I've been staring at my screen for what seems like forever, trying to search for the words but I just don't know what to say. Or how to say it.
Funny how things can look so optimistic one second and the next, everything's burning up in front of you. I really don't understand how things could get so shitty so quickly. I've been looking back at the past few weeks, trying to pinpoint when things started breaking down but when I look back now, all I can see is how broken it was from the beginning. How could I have been so blind, so stupid?
You attacked me. Not physically, but verbally. Although it did feel like a physical attack since the words you said felt like a punch to my chest. How could you do that to me? I know I didn't deserve that kind of treatment from you so why? I never did anything to you. I never spread any rumors about us, never uttered a bad word about you. In fact, I always defended you! But how could you even know that, right? You never asked. You straight up just assumed the worst of me and accused me of doing these things that I would never in a million years even think about doing. Maybe that's what hurt the most. I thought you'd know me better than that after everything but you don't.

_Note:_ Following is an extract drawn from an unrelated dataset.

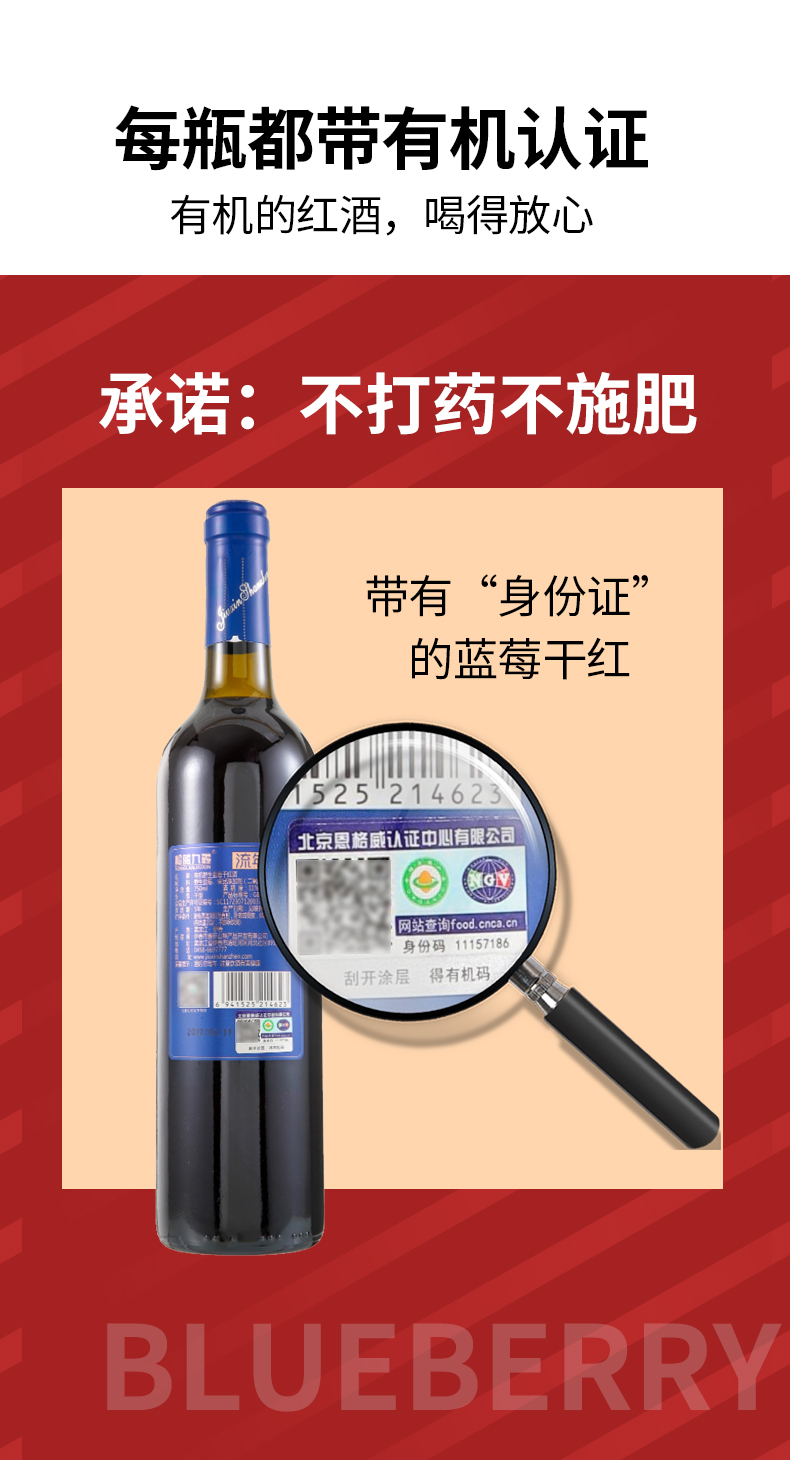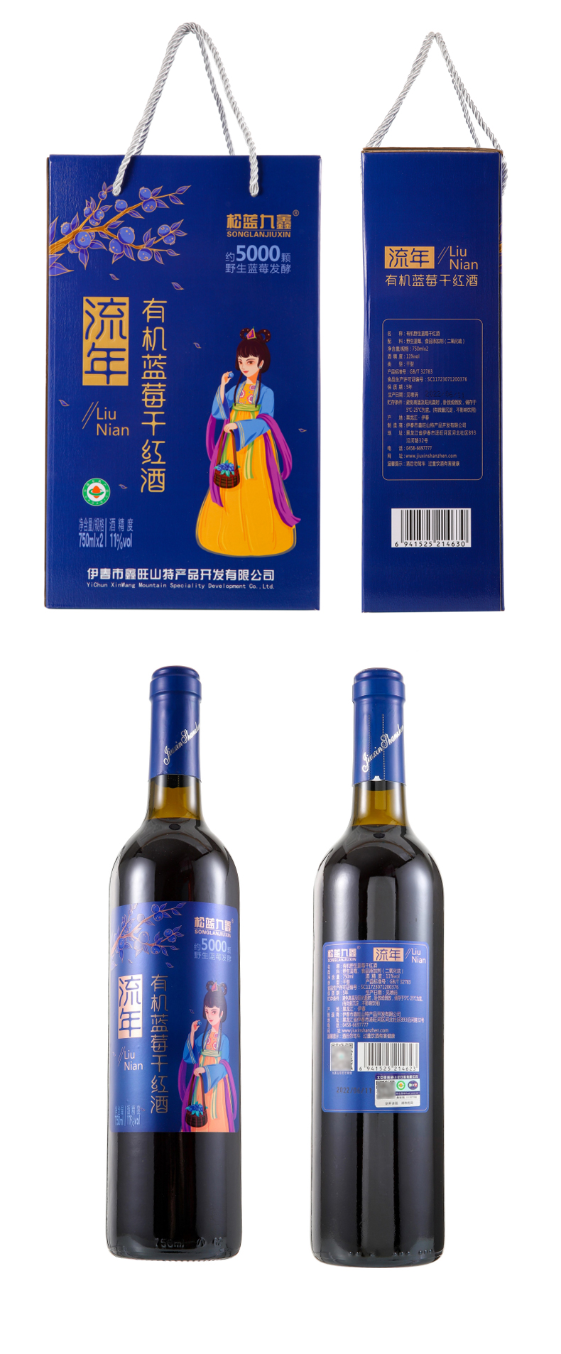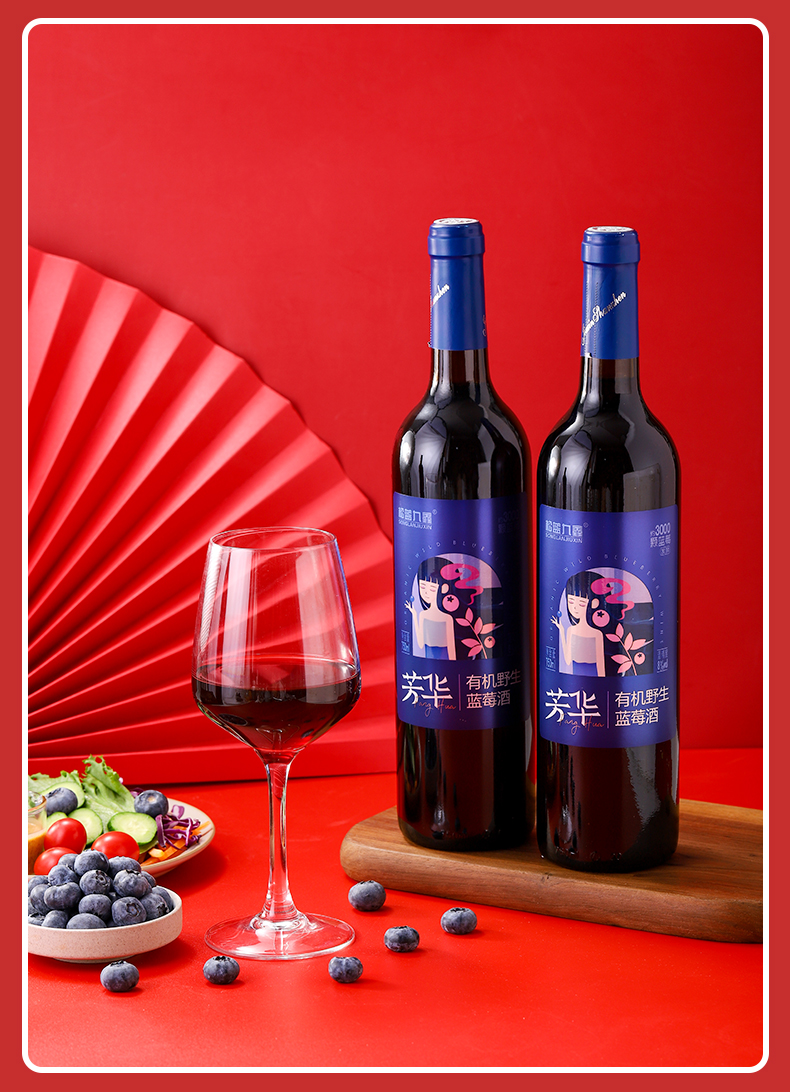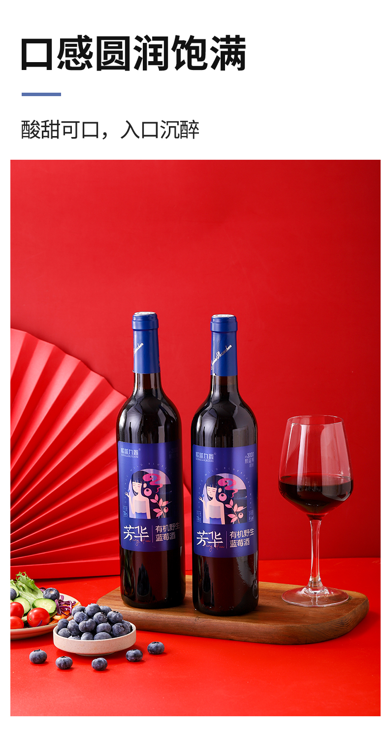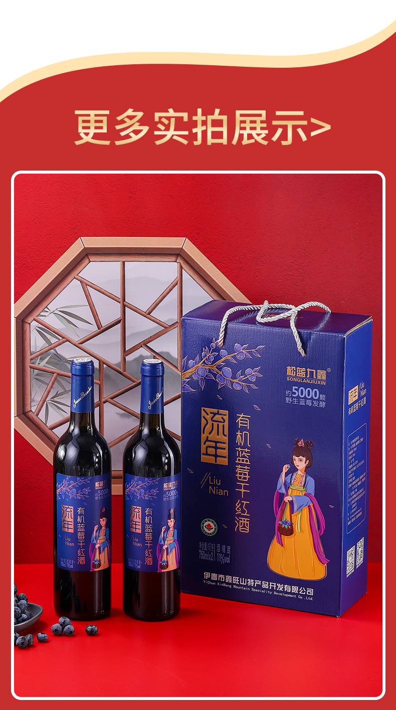 松蓝九鑫 流年有机野生蓝莓干红酒礼盒 750ml*2瓶/盒

I never demanded anything from you. I knew what we were doing. I knew what it was all about for you. Did you hear me complain? Did you hear me demand for more? Did I make you feel that I wanted more? Honestly, please tell me. Because I didn't. I hid all my feelings for you in the deepest recesses of my heart. I pretended to be so aloof that sometimes, I even felt like I was starting to fool myself into thinking that I didn't care about you. So where the hell is all this anger coming from? Please justify yourself because I don't deserve any of this.
You know, I was getting along fine ever since you two started hanging out again. I got the message. I was already keeping my distance. But you just had to stir up some drama, didn't you? You just had to make things harder for me. Breaking my heart wasn't enough for you, you had to destroy me. Well, congratulations! You win. You broke me in ways I didn't even know was possible. You took what was left of my dignity, my self-worth, and you smashed it to tiny little pieces and walked all over them. So fuck you. Fuck you for breaking me. And fuck me for allowing you to do that to me.